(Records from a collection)

***

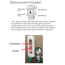 Oxygen flowmeters are widely used in medical settings, including respiratory therapy, and in life-support devices such as heart-lung machines for serious cases. Currently, medical professionals monitor the flow rate every few hours. When it is used for a heart-lung machine for a child, it is necessary to adjust the flow rate in small amounts every few weeks, and if the flow rate stops, the result will be fatal every minute. The monitoring device developed in this study can monitor the flow rate change from the outside by visual display, auditory display or both display without touching the inside of the flowmeter. [Practicality] ・Notice that the cylinder is empty The device constantly monitors that the floater is within lower to upper limit of the flow rate, and instantly notifies you when the cylinder is empty as well as when the flow rate changes. ・Malfunction prevention By setting two pairs of light-emitting part and light receiving sensors up and down, it can be seen which sensor caught the floater first, so it can be seen whether the floater came from above or below. If it is judged that the floater deviated from the monitoring measurement range, an alarm is activated.
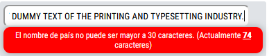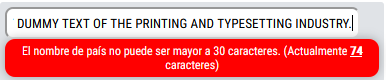 No puede tener un tamaño mayor a 30 caracteres, no importa si son números, letras o caracteres especiales. Si el valor es mayor, muestra entre paréntesis el tamaño actual del valor ingresado.
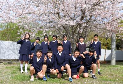 新6年生は桜の花の前で… 1年間中南小をしっかりとリードしてください!
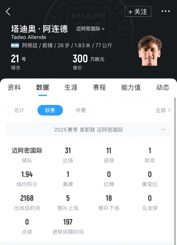 阿连德本赛季代表迈阿密国际6场季后赛中打入9球,决赛中接梅西助攻打入锁定胜局的一球,帮助球队拿到本赛季美职联总冠军。
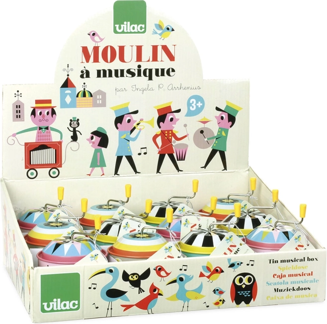 Παραδοσιακή μεταλλική μπιζουτιέρα-κουρδιστό μουσικό κουτί από τη Vilac με εικονογραφήσεις της Σουηδής καλλιτέχνιδας Ingela P. Arrhenius, προσφέρει ευχάριστες μελωδίες. Διαθέσιμη σε διάφορες χρωματικές παραλλαγές.
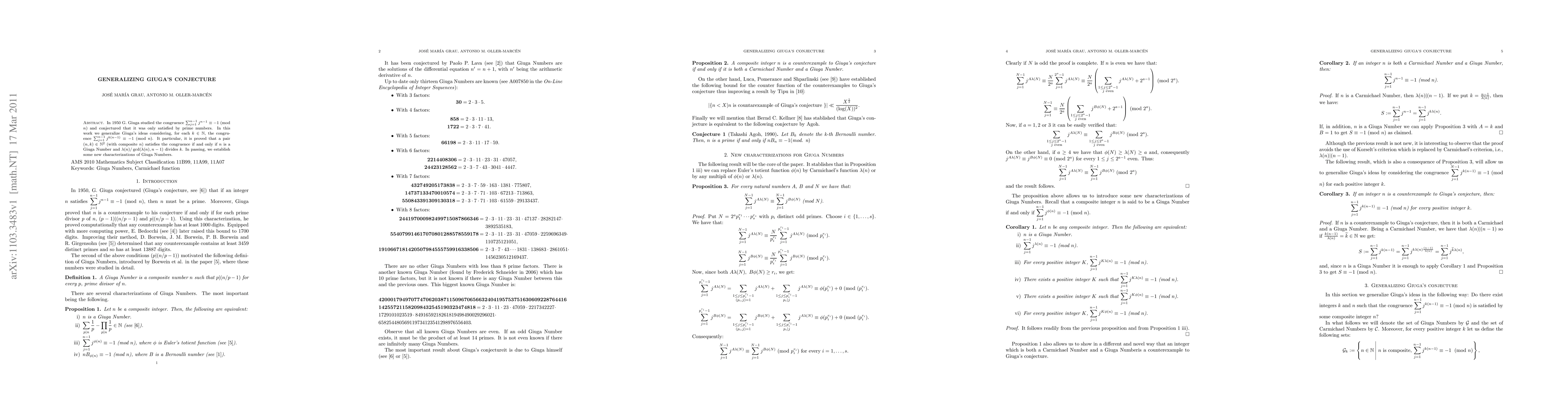 In 1950 G. Giuga studied the congruence $\sum_{j=1}^{n-1} j^{n-1} \equiv -1$ (mod $n$) and conjectured that it was only satisfied by prime numbers. In this work we generalize Giuga's ideas considering, for each $k \in \mathbb{N}$, the congruence $\sum_{j=1}^{n-1} j^{k(n-1)} \equiv -1$ (mod $n$). It particular, it is proved that a pair $(n,k)\in \mathbb{N}^2$ (with composite $n$) satisfies the congruence if and only if $n$ is a Giuga Number and $ \lambda(n)/\gcd(\lambda(n),n-1)$ divides $k$. In passing, we establish some new characterizations of Giuga Numbers.
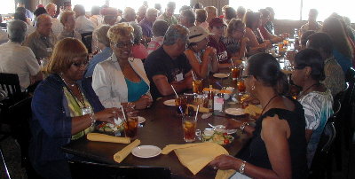 After the trip we left to eat at The Monument Inn, located further down the Ship Channel. The food was awesome and enjoyed by EVERYBODY. Pictures were taken and the view of large ships passing by on the Ship Channel was enjoyed by all. Coming back to Bayland Park the bus driver, Larry Gurka, kept us laughing and made us go down memory lane by asking us questions about Texas history and culture. The winners of prizes in the bus drawing were Ralph Garcia, Dolores Baugh, Kay Cook, Gladys Price and Dorothy Wade
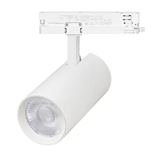 Светильник для треков/шин 4 провода с управлением TRIAC. Мощность 30 Вт, св. поток без решетки honeycomb 3000 лм, 100 лм/Вт, с решеткой honeycomb 1980 лм, 66 лм/Вт, дневной 4000 K, CRI>90, угол 36°, напряжение питания 230 В. Белый круглый корпус из алюминия, материал линзы PMMA, степень защиты IP20. Размер: диаметр 90 мм, длина световой части 141 мм. Монтаж на трек 3-фазный. Драйвер встроенный 24-42 В, 750мА., пульсация <5%
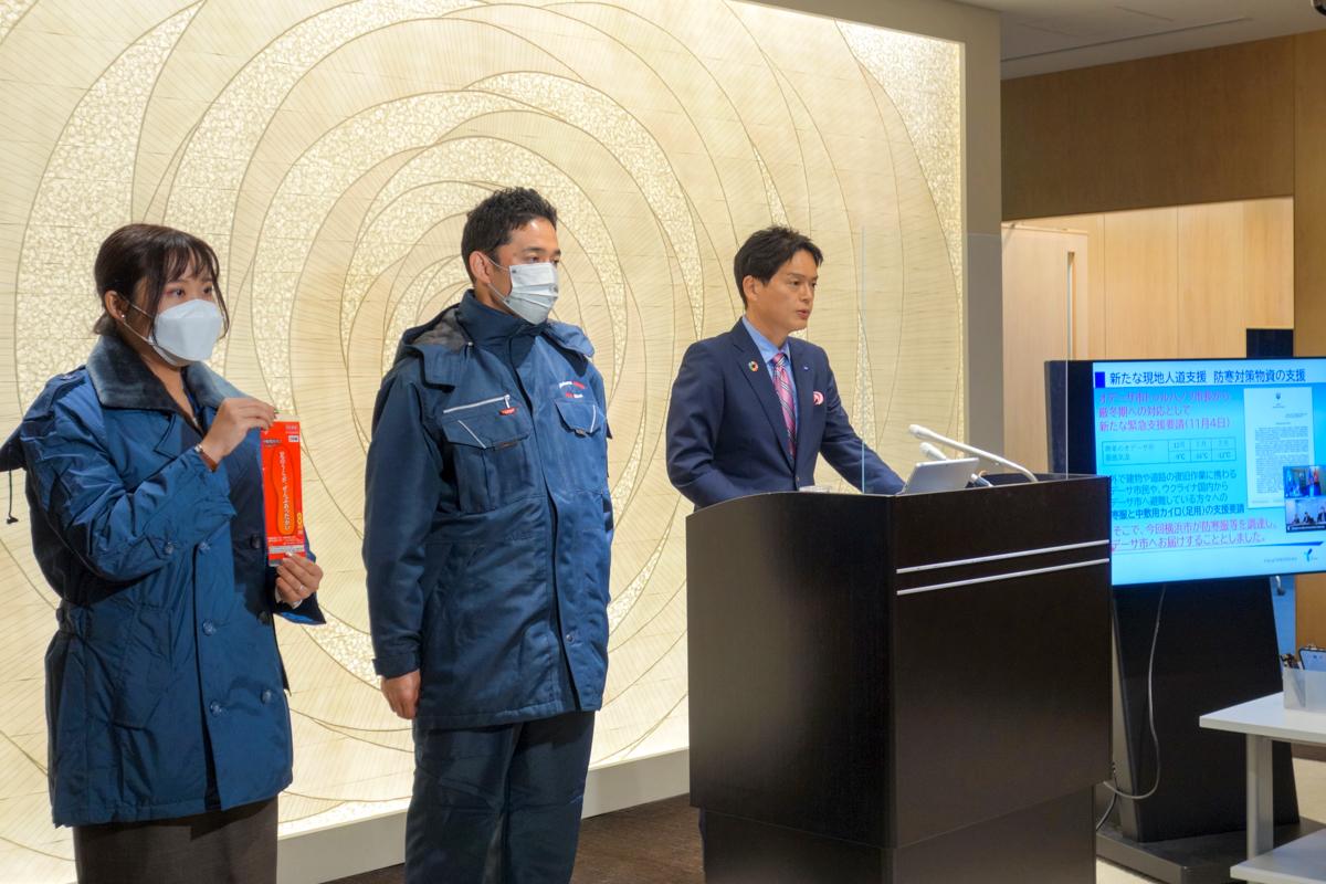 12月中旬には防寒服(上下)1900セットと靴用の中敷きカイロ1万足分、消防局の備蓄品の防寒服の上着80着をお届けする予定です。
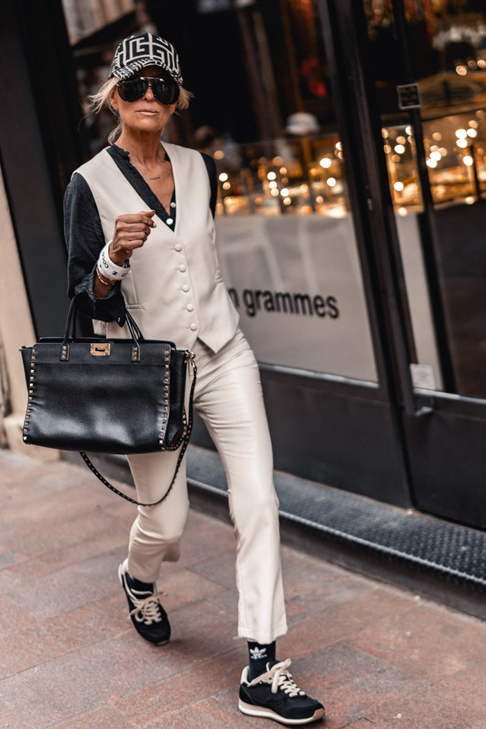 El chaleco Delia de piel sintética color crudo de Grungemama combina modernidad y carácter gracias a su material efecto piel y su corte contemporáneo. Llévalo solo o con los pantalones Delia; le dará un toque chic y decidido a cualquier look.
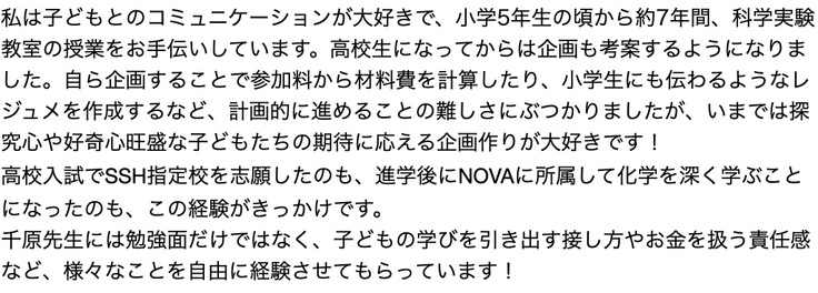 私をサポートしてくれるだけではなく、自ら企画を提案してくれたり、また、進学先である文部科学省のスーパーサイエンスハイスクール指定校で大学へのサイエンスツアーやフィールドワークなどの様々な取り組みに参加したりしています。
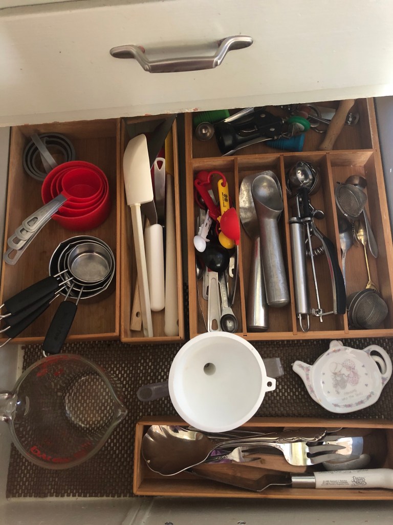 Other helpful tools like utensil containers, can keep your drawers from becoming a mess. I like the bamboo ones, but I also use some plastic ones.
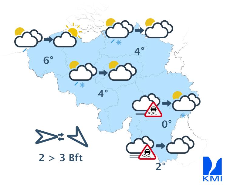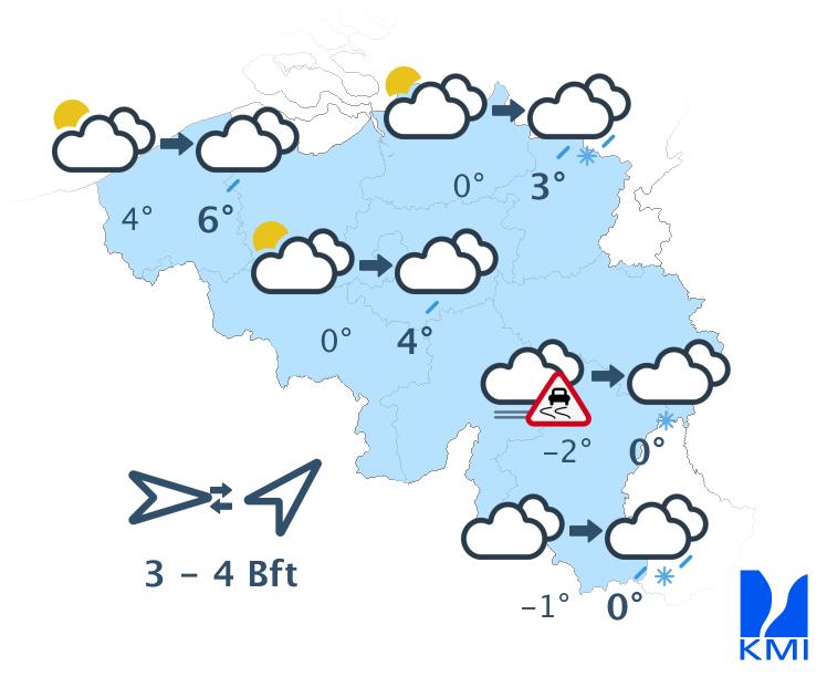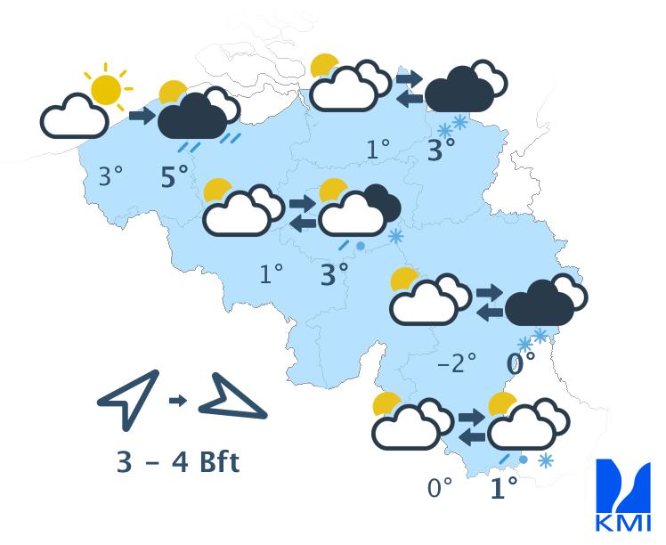 Vrijdagochtend is het wisselend tot zwaarbewolkt met vooral in het oosten en zuidoosten van het land enkele sneeuwbuien. Elders vallen er eerder plaatselijk winterse buien. In de namiddag verwachten we meer winterse buien. De maxima liggen tussen -2 graden in de Hoge Venen, +2 of +3 graden in het centrum en +4 graden aan zee. De wind is matig uit het westen met rukwinden tot 50 km/h in de noordelijke landshelft en op de Ardense hoogten. Aan zee waait de wind vrij krachtig tot krachtig met rukwinden tot 55 km/h.
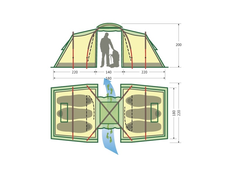 Комфорт сна обеспечивается двухслойной конструкцией палатки. Поток воздуха циркулирует в пространстве между внешним тентом и внутренней палаткой, испаряет конденсат, забирает продукты дыхания и выводит их через вентиляционную систему. Вентиляционная система состоит из вентиляционного отверстия в самой высокой точке купола. Отверстие защищено москитной сеткой и тканевым коробом. На торцах спальни размещены вентиляционные окна с тканевыми коробами. Для эффективной вентиляции обязательно откройте и натяните защитные короба над вентиляционным окном. Если ожидается очень сильный дождь, то следует закрыть вентиляцию полностью. В жаркую погоду козырьки можно отстегнуть по сторонам, свернуть и закрепить над окном. Еще одно вентиляционное окно совмещено с прозрачной вставкой на входе в палатку.
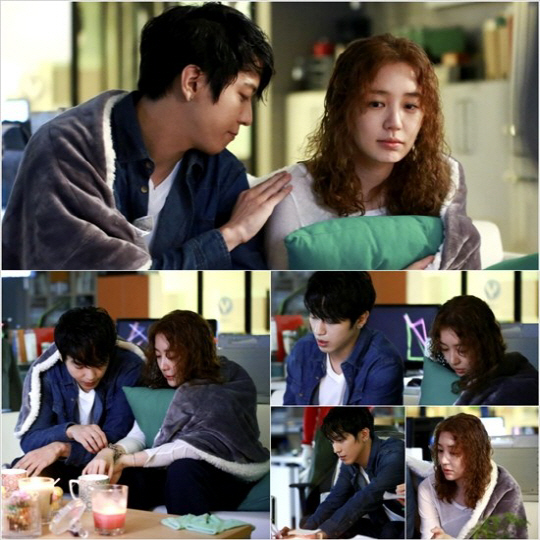 '담요 데이트'는 극 중 미래의 실수로 홀딱 젖은 두 사람이 옷과 머리를 말리며 방송 편집본을 함께 모니터하는 장면으로 지난 11일 경기도 이천의 세트장에서 촬영됐다.
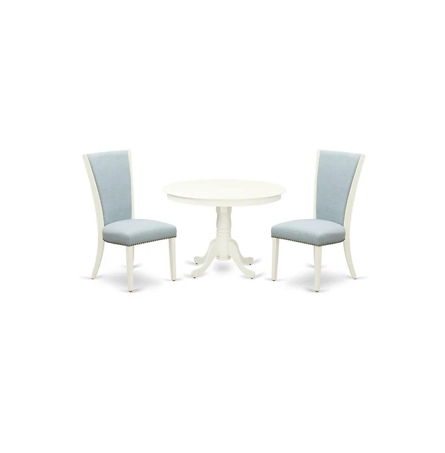 East West Furniture wooden dining table set of two amazing dining chairs with Linen Fabric Baby Blue color and a fantastic 42-Inch Antique dining tabl

***

■ TASK STATEMENT ■
None of the pictures should appear; the rest of the entries must be reproduced exactly.

■ RESPONSE ■
 Oxygen flowmeters are widely used in medical settings, including respiratory therapy, and in life-support devices such as heart-lung machines for serious cases. Currently, medical professionals monitor the flow rate every few hours. When it is used for a heart-lung machine for a child, it is necessary to adjust the flow rate in small amounts every few weeks, and if the flow rate stops, the result will be fatal every minute. The monitoring device developed in this study can monitor the flow rate change from the outside by visual display, auditory display or both display without touching the inside of the flowmeter. [Practicality] ・Notice that the cylinder is empty The device constantly monitors that the floater is within lower to upper limit of the flow rate, and instantly notifies you when the cylinder is empty as well as when the flow rate changes. ・Malfunction prevention By setting two pairs of light-emitting part and light receiving sensors up and down, it can be seen which sensor caught the floater first, so it can be seen whether the floater came from above or below. If it is judged that the floater deviated from the monitoring measurement range, an alarm is activated.
 No puede tener un tamaño mayor a 30 caracteres, no importa si son números, letras o caracteres especiales. Si el valor es mayor, muestra entre paréntesis el tamaño actual del valor ingresado.
 新6年生は桜の花の前で… 1年間中南小をしっかりとリードしてください!
 阿连德本赛季代表迈阿密国际6场季后赛中打入9球,决赛中接梅西助攻打入锁定胜局的一球,帮助球队拿到本赛季美职联总冠军。
 Παραδοσιακή μεταλλική μπιζουτιέρα-κουρδιστό μουσικό κουτί από τη Vilac με εικονογραφήσεις της Σουηδής καλλιτέχνιδας Ingela P. Arrhenius, προσφέρει ευχάριστες μελωδίες. Διαθέσιμη σε διάφορες χρωματικές παραλλαγές.
 In 1950 G. Giuga studied the congruence $\sum_{j=1}^{n-1} j^{n-1} \equiv -1$ (mod $n$) and conjectured that it was only satisfied by prime numbers. In this work we generalize Giuga's ideas considering, for each $k \in \mathbb{N}$, the congruence $\sum_{j=1}^{n-1} j^{k(n-1)} \equiv -1$ (mod $n$). It particular, it is proved that a pair $(n,k)\in \mathbb{N}^2$ (with composite $n$) satisfies the congruence if and only if $n$ is a Giuga Number and $ \lambda(n)/\gcd(\lambda(n),n-1)$ divides $k$. In passing, we establish some new characterizations of Giuga Numbers.
 After the trip we left to eat at The Monument Inn, located further down the Ship Channel. The food was awesome and enjoyed by EVERYBODY. Pictures were taken and the view of large ships passing by on the Ship Channel was enjoyed by all. Coming back to Bayland Park the bus driver, Larry Gurka, kept us laughing and made us go down memory lane by asking us questions about Texas history and culture. The winners of prizes in the bus drawing were Ralph Garcia, Dolores Baugh, Kay Cook, Gladys Price and Dorothy Wade
 Светильник для треков/шин 4 провода с управлением TRIAC. Мощность 30 Вт, св. поток без решетки honeycomb 3000 лм, 100 лм/Вт, с решеткой honeycomb 1980 лм, 66 лм/Вт, дневной 4000 K, CRI>90, угол 36°, напряжение питания 230 В. Белый круглый корпус из алюминия, материал линзы PMMA, степень защиты IP20. Размер: диаметр 90 мм, длина световой части 141 мм. Монтаж на трек 3-фазный. Драйвер встроенный 24-42 В, 750мА., пульсация <5%
 12月中旬には防寒服(上下)1900セットと靴用の中敷きカイロ1万足分、消防局の備蓄品の防寒服の上着80着をお届けする予定です。
 El chaleco Delia de piel sintética color crudo de Grungemama combina modernidad y carácter gracias a su material efecto piel y su corte contemporáneo. Llévalo solo o con los pantalones Delia; le dará un toque chic y decidido a cualquier look.
 私をサポートしてくれるだけではなく、自ら企画を提案してくれたり、また、進学先である文部科学省のスーパーサイエンスハイスクール指定校で大学へのサイエンスツアーやフィールドワークなどの様々な取り組みに参加したりしています。
 Other helpful tools like utensil containers, can keep your drawers from becoming a mess. I like the bamboo ones, but I also use some plastic ones.
 Vrijdagochtend is het wisselend tot zwaarbewolkt met vooral in het oosten en zuidoosten van het land enkele sneeuwbuien. Elders vallen er eerder plaatselijk winterse buien. In de namiddag verwachten we meer winterse buien. De maxima liggen tussen -2 graden in de Hoge Venen, +2 of +3 graden in het centrum en +4 graden aan zee. De wind is matig uit het westen met rukwinden tot 50 km/h in de noordelijke landshelft en op de Ardense hoogten. Aan zee waait de wind vrij krachtig tot krachtig met rukwinden tot 55 km/h.
 Комфорт сна обеспечивается двухслойной конструкцией палатки. Поток воздуха циркулирует в пространстве между внешним тентом и внутренней палаткой, испаряет конденсат, забирает продукты дыхания и выводит их через вентиляционную систему. Вентиляционная система состоит из вентиляционного отверстия в самой высокой точке купола. Отверстие защищено москитной сеткой и тканевым коробом. На торцах спальни размещены вентиляционные окна с тканевыми коробами. Для эффективной вентиляции обязательно откройте и натяните защитные короба над вентиляционным окном. Если ожидается очень сильный дождь, то следует закрыть вентиляцию полностью. В жаркую погоду козырьки можно отстегнуть по сторонам, свернуть и закрепить над окном. Еще одно вентиляционное окно совмещено с прозрачной вставкой на входе в палатку.
 '담요 데이트'는 극 중 미래의 실수로 홀딱 젖은 두 사람이 옷과 머리를 말리며 방송 편집본을 함께 모니터하는 장면으로 지난 11일 경기도 이천의 세트장에서 촬영됐다.
 East West Furniture wooden dining table set of two amazing dining chairs with Linen Fabric Baby Blue color and a fantastic 42-Inch Antique dining tabl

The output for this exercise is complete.